I recently had the opportunity to talk with multiple executives of Fintech firms -- i.e., tech companies that provide financial services online or by way of simple and highly customer-centric mobile apps.

These are incredibly innovative businesses, and it was a pleasure to speak with the people that are powering them forward.

In the course of these conversations, however, I kept finding myself thinking that many of them aren't giving enough credit to the economic and regulatory dynamics that loom over the financial services industry.

This partial blindness convinces them that disrupting the industry will be easy, as if this is the first time in history that a collection of new firms have sought to revolutionize the way that money is allocated between savers and spenders.

I believe this is a mistake. I also believe that the Fintech companies that combat this belief with humility will be among the few that prevail in the end.

The holy grail of finance
I'm talking specifically about depository institutions, as cheap money by way of deposits is the holy grail of finance. Just as importantly, when you couple that with a prudent lending operation, you're able to realize the full profit potential of a large deposit base.

It's here where humility comes into play.

If a Fintech company wants FDIC insurance, which is necessary to acquire the quantity of cheap deposits it'll take to attain sustainable long-term profitability, then it'll have to submit to the same regulatory and compliance framework that traditional banks do.

On top of this, for a Fintech company to truly disrupt the financial services industry at its core, it will need to crack the nut on credit risk -- i.e., the risk that loans will default when the economy takes a turn for the worse.

I got the impression that most Fintech executives I've spoken with believe that taming credit risk, and the credit cycle more generally, is easy. The key to doing so, they argue, is in the effective use of "big data" -- the combination of vast tracks of traditional and nontraditional observation points in order to inform the decision-making process.

But this argument ignores a fundamental fact. No institutions have better data on individual consumer's financial worthiness -- not to mention historical trends of loan performance more generally -- than banks do.

The nation's biggest financial firms in particular have the ability to know basically everything about almost everyone. It's just a matter of creating systems that will allow them to tap and exploit their vast repositories of transactional data.

When talking about big data, then, it's critical to appreciate that banks have a considerable lead over Fintech firms.

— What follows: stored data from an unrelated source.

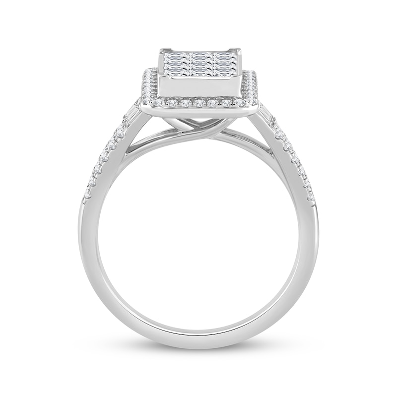 Surprise and delight with this spectacular engagement ring. Crafted in 14K white gold, the bold style is centered with a rectangular composite of princess-cut diamonds in a polished metal frame. A ribbon of round-cut diamonds wraps the center stones, creating an elongated cushion silhouette. Pairs of baguette-cut diamonds flank the centerpiece, while dual rows of round-cut diamonds lend shimmer to the shank. This dazzling design has a total diamond weight of 1 carat. From the Now & Forever® bridal collection.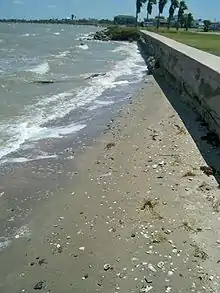 The bay is off limits to shrimping due to its legal status as a nursery, however shrimp farms have been established and approved along its shores.[9] The harvest of shellfish, particularly oysters, is heavily regulated, but allowed at certain times and places.[10] Whereas the main Matagorda Bay is an approved area for shellfish production, Carancahua Bay is divided between restricted and conditionally approved areas. The Texas Department of State Health Services described the areas conditionally approved as being from the mouth of the bay to a "beige house" on the eastern shore and cutoff across to a "grey barn" on the western shore, save for a small sliver of water that includes most of the shoreline of Port Alto, which is restricted. All areas north of the diagonal line are restricted as well.[14]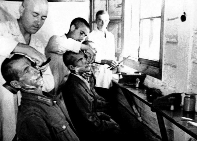 Re: Интересные фото с бритвойНемецкие военнопленные в лагерной парикмахерской в Челябинской области. Немецкие военнопленные содержались на Южном Урале с 1942 года.

It's also critical to appreciate that bankers are doing everything in their power to leverage it to the greatest extent possible.

Giving credit to the credit cycle
It's true that banks haven't always done the most amazing job at managing credit risk in their own right.

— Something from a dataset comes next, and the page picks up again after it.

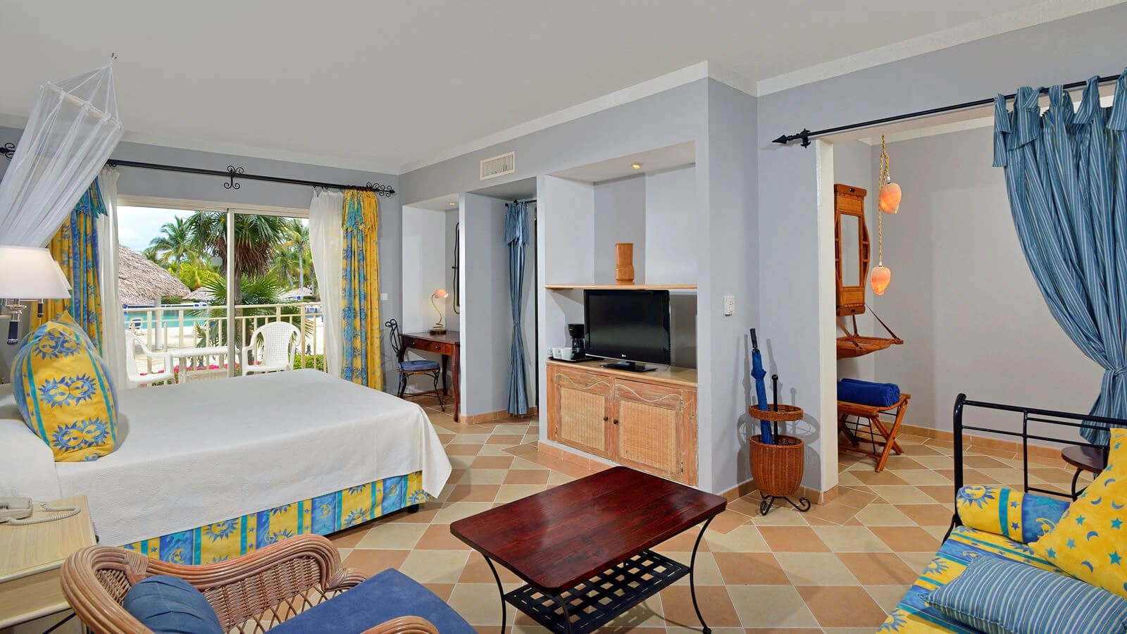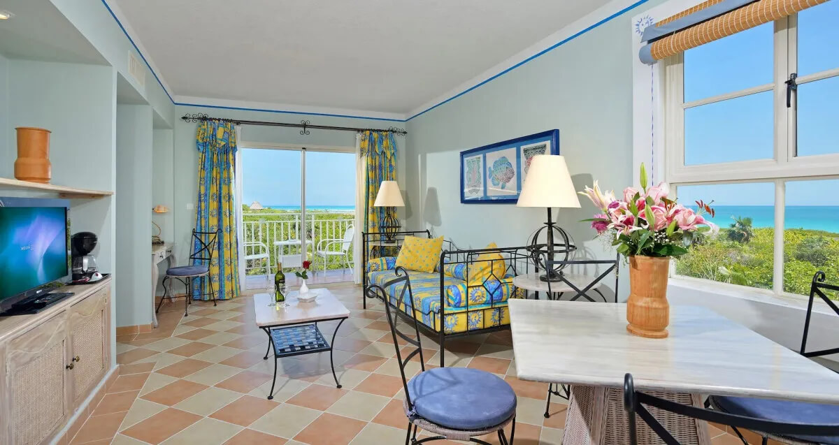 До отеля мы добирались из Гаваны на комфортабельном автобусе в течение 6 часов. Экскурсовод без знания русского языка. По дороге было две остановки, на одной из них можно было перекусить за свой счёт. Мы купили два бутерброда и по стакану сока за 9 куков. На рецепшн нам преподнесли приветственный бокал сока и на машинке привезли к домику, куда нас по-селили. Когда уезжали, нас также доставили до рецепшин. Однако план отеля нам не дали. Домики двухэтажные. Нас поселили на втором этаже. Стандартный номер очень хороший. Только не было штор в прихожей и перед санузлом. Отсутствовала одна дверка шкафа-купе, а другая держалась только в верхней части. Но это – мелочи. Прибиралась комната каждый день, если мы считали, что нужно поменять полотенце или постельное бельё, клали специальную карточку на постель, и всё исполнялось. В телевизоре есть 1 канал Российского ТВ. Территория небольшая, уютная и очень красивая. Много клумб, инсталляций, редких растений. Около двух бассейнов – джакузи с тёплой водой, кафе-мороженое. Пляж широкий, песок желтоватый, несколько крупный. Вход в океан пологий, через несколько метров – в воде песчаная коса. Есть катамараны и водные велосипеды. На пути от бассейна к пляжу – туалет и домик, в котором мы взяли пляжное полотенце. Питание – средне, учитывая, что отель – пять звёзд. Мало фруктов, бананы были только один день. Толь-ко дважды была картошка (фри) и колбаса. Была проблема, допросится ложку. Суп хоть вилкой ешь. В лобби-баре были хорошие выступления двух кубинских ансамблей, играли скрипач и гитарист, выступа-ли силовые и воздушные акробаты. В театре танцевальные номера были однообразны, больше - акробатические. Немного – эстрадного вокала, хотелось бы и классического. Никто из сотрудников не знает русский язык. Хотя отель небольшой, но не было постоянного их общения с туристами, как это было, например, в отеле Мелья Кайо Коко.

But it's a mistake to interpret banks' struggles in this regard as an intellectual shortcoming unique to bankers. We all suffer from the same emotional and behavioral biases that lead banks to lend too much money when the economy is roaring only to then regret the decision later on.

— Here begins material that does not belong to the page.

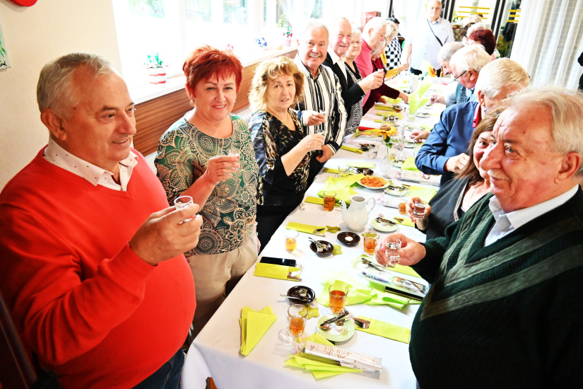 Primátor zároveň potešil prítomných „elixírom pre seniorov“ a kyticou pre Dankou Gejdošovou z Referátu denných centier, ktorá práve v ten deň oslavovala narodeniny.

It's a lot like Jerry Seinfeld's routine about morning vs. night guy. Night guy wants to stay up late and drink too many shots of Jagermeister. But it's morning guy who pays the price.

Given this, banks' struggles to thread their way through the credit cycle should be interpreted instead as a sign of just how difficult it is to do so both profitably and over a long period of time.

The credit cycle is a powerful and unpredictable force. Any belief that it can be tamed is, among informed observers, laughable.

Not to mention the fact that it may not be in society's best interest to tame it in the first place. If you look at history, you see that much of America's rapid economic ascent was funded with bonds or bank loans that subsequently defaulted.

In the Gilded Age, for instance, the reason the United States was able to expand its railroad network so far so fast is because credit poured in from Europe. This positioned the country to populate the entire Western portion of the continent in a surprisingly short amount of time.

Along the way, the credit-fueled boom faltered on multiple occasions -- most critically in the 1870s and 1890s, after which full-scale economic depressions took hold.

With the benefit of hindsight, however, it's clear that those were small prices to pay given that they yielded the most powerful and industrialized country in the world. And it did so just in the nick of time, as the speed at which all of this was achieved went on to position the United States to weigh in on the balance of power in Europe when it was so important to do so -- in the two world wars, that is.

The point being, even if we wanted to tame the credit cycle, it's still the banks that are best positioned to do so given their access to more and better data. And given the importance of prudently managing credit risk to realizing the full value of a deposit base, it stands to reason that banks probably aren't the pushovers that many Fintech executives and participants seem to think.

I'm not saying that some Fintech companies won't be able to overcome these hurdles, as some probably will. But I am saying that it will be a hard-fought battle and that approaching it with the humility it deserves is, I believe, a necessary component of success.